Berdasarkan anamnesis, pemeriksaan fisis, foto thorax, hasil EKG, dan hasil
echocardiography didiagnosis dengan congestive heart failure NYHA II e.c susp DCM dd/ CAD
.
13
IV. DIAGNOSA KERJA
Diagnosa kerja adalah Congestive Heart Failure NHYA III e.c CAD
V. DISKUSI
Dari anamnesa dan pemeriksaan fisis, yaitu dispnea dialami sejak + 1 bulan yang lalu,
memberat sejak + 5 hari yang lalu disertai palpitasi. Terdapat dyspneu d’ effort, paroxismal
nocturnal dyspneu, batuk. Nyeri dada sebelah kiri sejak + 5 hari yang lalu, dan fatig. DVS R+4
cmH2O, didapatkan bronchovesiculer, bunyi tambahan pada pernapasan berupa ronkhi pada
basal paru, bunyi jantung I/II tidak murni, irreguler, bising sistolik, dan hepatomegali sehingga
pasien ini didiagnosa dengan gagal jantung kongestif NYHA IV e.c CAD
Kriteria Framingham yang didapatkan pada pasien ini adalah:
Mayor → 1. paroxismal nocturnal dyspneu (PND)
2. Ronkhi paru
3. Kardiomegali
4. Peninggian tekanan vena jugularis
Minor→ 1. dyspneu d’ effort
2. Hepatomegali
Pada anamnesis, didapatkan dispnea atau perasaan sulit bernapas yang disebabkan oleh
peningkatan kerja pernapasan akibat kongesti vaskular paru-paru yang mengurangi kelenturan
paru-paru. Meningkatnya tahanan aliran udara juga menimbulkan dispnea. Dispnea nokturnal
paroksismal (PND) atau mendadak terbangun karena sesak pada pasien ini dipicu oleh
perkembangan edema paru-paru interstisial. PND merupakan manifestasi yang lebih spesifik dari
gagal jantung kiri daripada dispnea atau ortopnea. Batuk juga dapat ditemukan pada penderita
gagal jantung yang disebabkan oleh bendungan paru.

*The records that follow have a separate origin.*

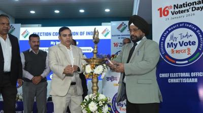 रायपुर : 16वें राष्ट्रीय मतदाता दिवस के अवसर पर संचालनालय, स्वास्थ्य सेवाएं, नवा रायपुर परिसर में गरिमामय कार्यक्रम का आयोजन किया गया। इस अवसर पर परिसर लोकतांत्रिक मूल्यों, मतदान के...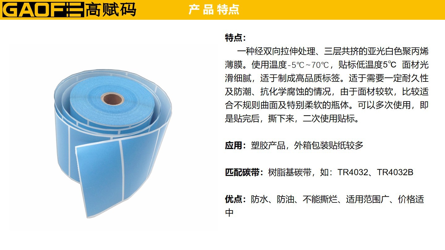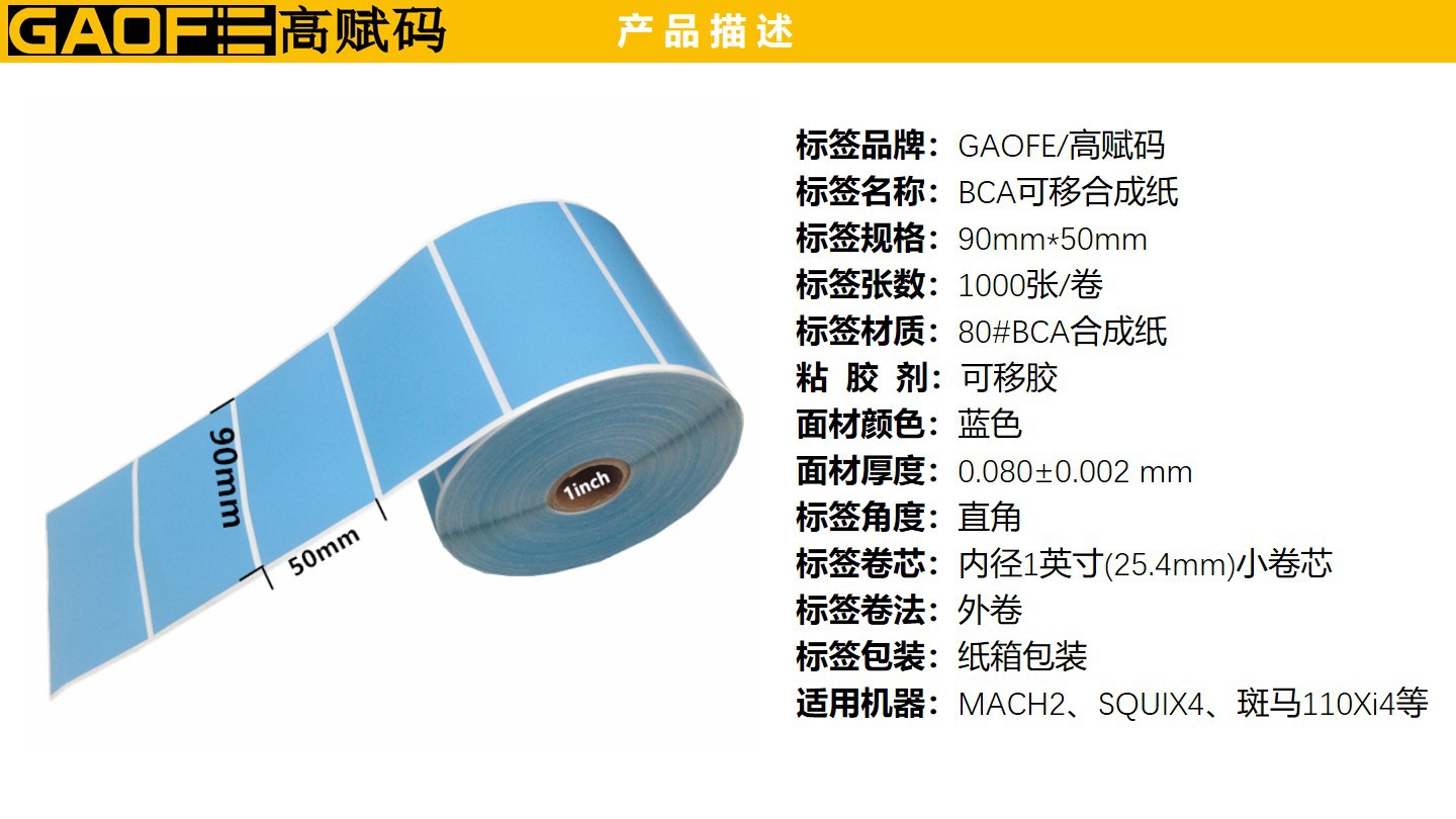 藍色合成紙標簽90mm*50mm可多次使用標簽PP合成紙 可移標簽-高賦碼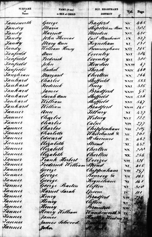 Birth Register William Henry TANDYRegistered at Birmingham on 28 May 1839 Volume 16 Page 265

Ronkhi yang terdengar merupakan akibat adanya penimbunan cairan di jaringan
interstisium dan alveolar paru akibat dari adanya peningkatan atrium kiri yang umumnya
disebabkan oleh edema paru akut. Hipertensi pulmonal yang didapatkan pada pasien ini terjadi
akibat adanya tekanan yang tinggi pada atrium kiri sehingga tekanan di paru meningkat.
Hepatomegali terjadi karena gagal jantung kanan yang mengakibatkan adanya bendungan vena
kava sehingga mengakibatkan bendungan hati.
14
Penatalaksanaan gagal jantung kongestif pada pasien ini yaitu pemberian oksigen dan
pembatasan gerak pasien. Pembatasan aktivitas fisik yang ketat merupakan tindakan awal yang
sederhana namun sangat tepat dalam penanganan gagal jantung.
Gagal jantung ditangani dengan tindakan umum untuk mengurangi beban kerja jantung
dan manipulasi selektif terhadap ketiga penentu utama dari fungsi miokardium, baik secara
sendiri-sendiri maupun gabungan dari : beban awal, kontraktilitas dan beban akhir.
Pasien ini ditangani dengan pemberian diuretik untuk mengurangi pre-load sehingga
dapat mengurangi sesak akibat adanya edema paru, diuretik yang diberikan adalah Lasix
ampul/12 jam/iv. Pemberian digitalis sebagai inotropik untuk memperbaiki kontraktilitas dan
ritme dari atrium yang mengalami fibrilasi. Digitalis yang diberikan adalah Digoxin 3x0,25 mg.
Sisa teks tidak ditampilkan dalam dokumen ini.